So I've been given this problem: $-14x^2 + 45x + 14 = 0$
And I've tried it a number of times but can't seem to solve it. The answer is supposed to be found by completing the square, and the solution is $(2+7x)(7-2x)$.

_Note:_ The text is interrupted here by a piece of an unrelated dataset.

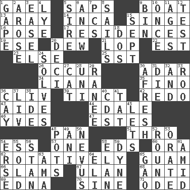 ACROSS 1. Highlander 5. Plant excrements 9. Water vessel 13. Like ___ of sunshine 14. South American Indian 15. Burn superficially 16. Airs 17. Homes 19. Compass dir. 20. Morning condensation 21. Chop off 22. Eastern Standard Time (abbr.) 23. Otherwise 25. Fast jet (abbr.) 26. Happen 30. The sixth month of the Jewish calendar 34. Woody, climbing, usually tropical plant 35. A pale, very dry sherry 36. 154 in Roman numerals 39. Tinged 42. Make new 43. Assistant 44. Peak District village in England 46. Jacques Cousteau's middle name 47. _____ Park, CO 48. Baking dish 51. Through, poetically 54. Double-curved letter 57. Single 58. Begley and Asner 60. Mouth or opening 62. Producing rotation 65. Island territory of the United States 66. Shuts with force 67. ____ Bator 68. Opposed to 69. Pulitzer Prize-winning author Ferber 70. Trig term 71. Wrote a lyric poem DOWN 1. Yawn 2. Came up 3. Artist's stand 4. Sodium hydroxide 5. Father 6. Afresh 7. Personal Computers (abbr.) 8. Travel by water 9. Storage container 10. Single time 11. Matures 12. Trial 15. Back-to-school mo. 18. Two (Sp.) 20. Tenth: prefix 24. Finds the solution 27. Domesticated feline 28. University (slang) 29. Indian princess (variant) 30. Anew 31. Expire 32. Also 33. Friend of Pooh 36. Island 37. 54 in ancient Rome 38. Binary compound 40. Music discs 41. Make lace 45. Allows 48. Cooking vessels 49. Black tropical American cuckoo 50. Mole, birthmark 52. Unit of ammunition 53. Declaim 54. Celtic language 55. Disposed of to a purchaser 56. Comedian Laurel of Laurel & Hardy 58. Enthusiasm 59. Centimeter-gram-second unit of force 61. Among 63. Nanny (var.) 64. Connecticut Ivy Leaguer 65. E Mali city

I end up with something along the lines of: $(x - \frac{45}{28} )^2 - \frac{1241}{784}$
Now we can take $a = (x - \frac{45}{28})$ and $b = \frac{1241}{784}$, so that we can use the formula $a^2 - b^2 = (a+b)(a-b)$, but I really don't see how that even approaches the given solution of $(2+7x)(7-2x)$.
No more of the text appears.